Eulerian velocities to Lagrangian velocities

[paccali]

Homework Statement

Eulerian velocity: V_{1}=-z_{1}^{2}

V_{1}=\frac{dz_{1}}{dt}

z_{1}(t=0)=x_{1}

This is supposed to become the Lagrangian velocity of:

z_{1}=\frac{x_{1}}{1+tx_{1}}

I don't understand how to take the Eulerian velocity and transform it to Lagrangian.

Homework Equations

The Attempt at a Solution

\frac{dz_{1}}{dt}+z_{1}^{2}=0

After this, I don't know how to take this and move forward.

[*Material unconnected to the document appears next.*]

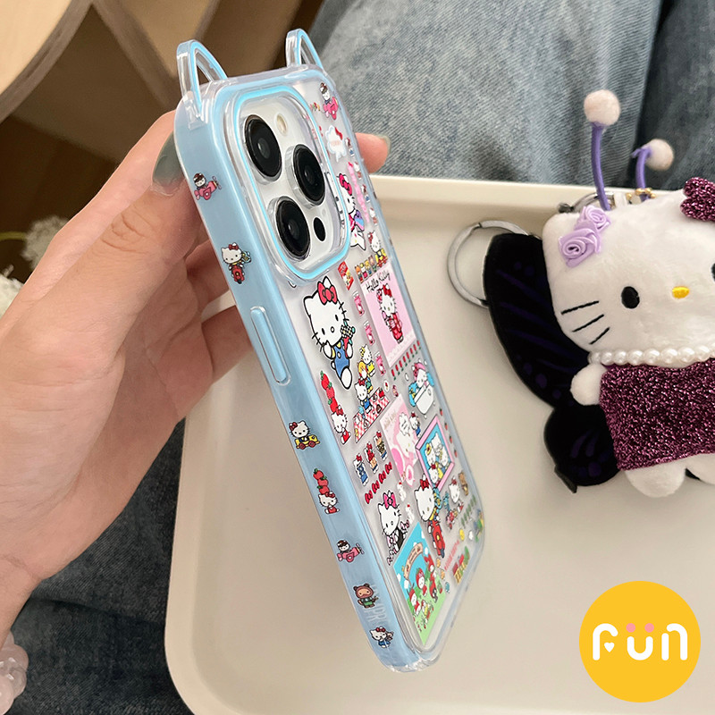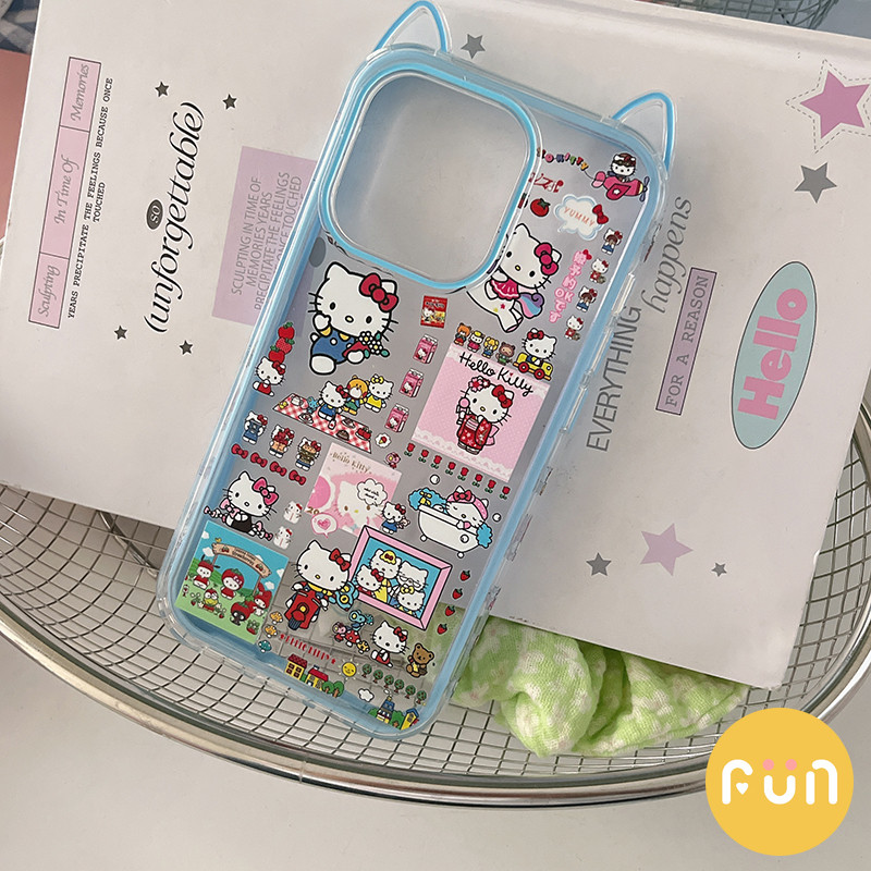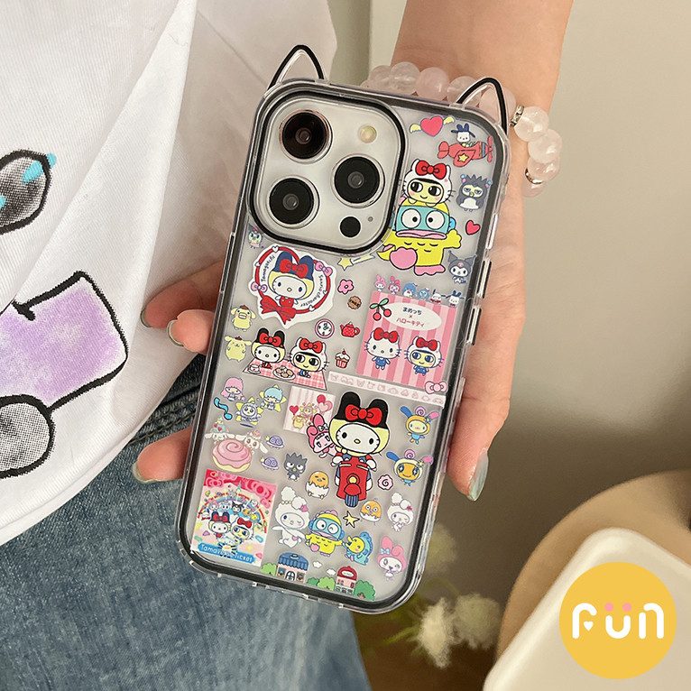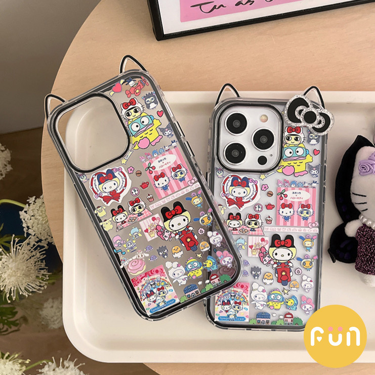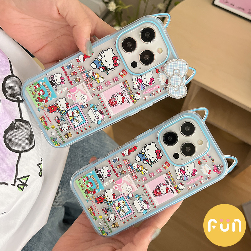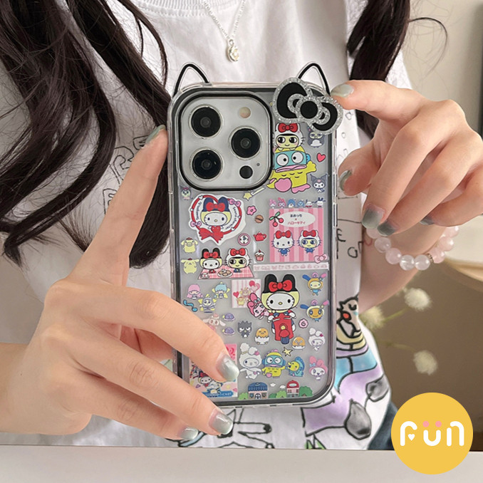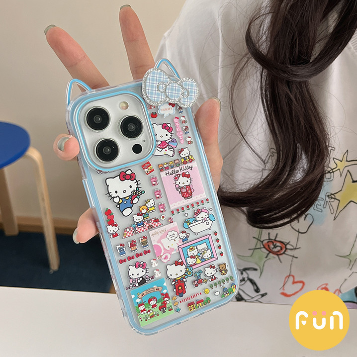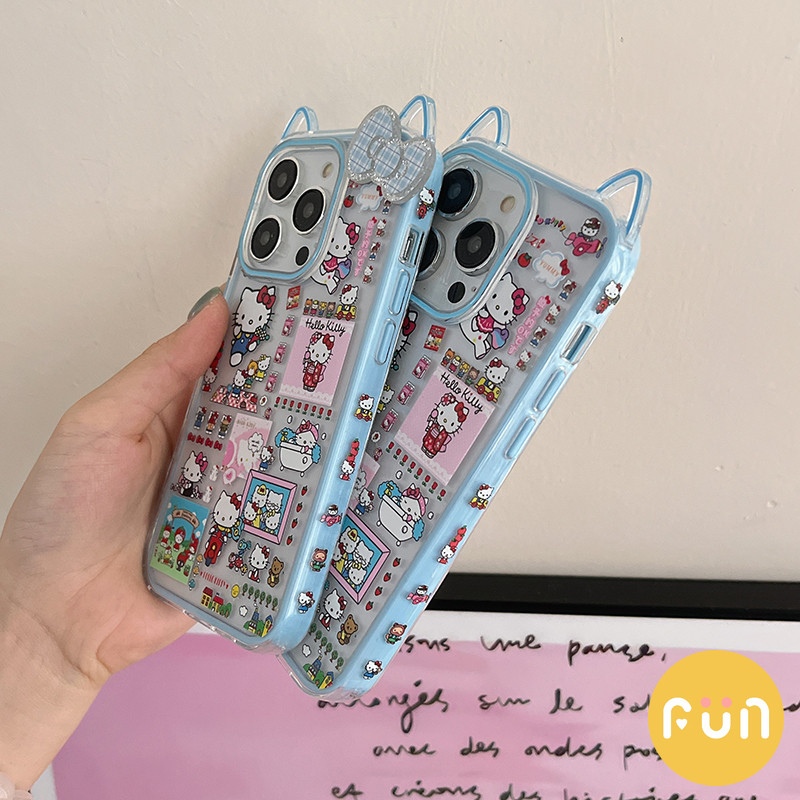 Kawaii 3D Bowknot Hangyodon Hello Kitty หูแมวเคสโทรศัพท์สําหรับ iPhone 16 15 14 Pro Max 13 Soft TPU ฝาหลังปลอกกันกระแทก

I've been working the problem for a day, and I still can't get any closer. I can take Lagrangian and transform it to Eulerian, but I don't know how to do the reverse. TJ Chung's General Continuum Mechanics book is poorly developed for examples and proofs.

 

[fzero]

The Attempt at a Solution

\frac{dz_{1}}{dt}+z_{1}^{2}=0

After this, I don't know how to take this and move forward.

This equation is separable, since it can be rewritten as

-\frac{dz_{1}}{z_{1}^{2}}=dt.

You can integrate both sides and fix the integration constant with

z_{1}(t=0)=x_{1}.

 

[paccali]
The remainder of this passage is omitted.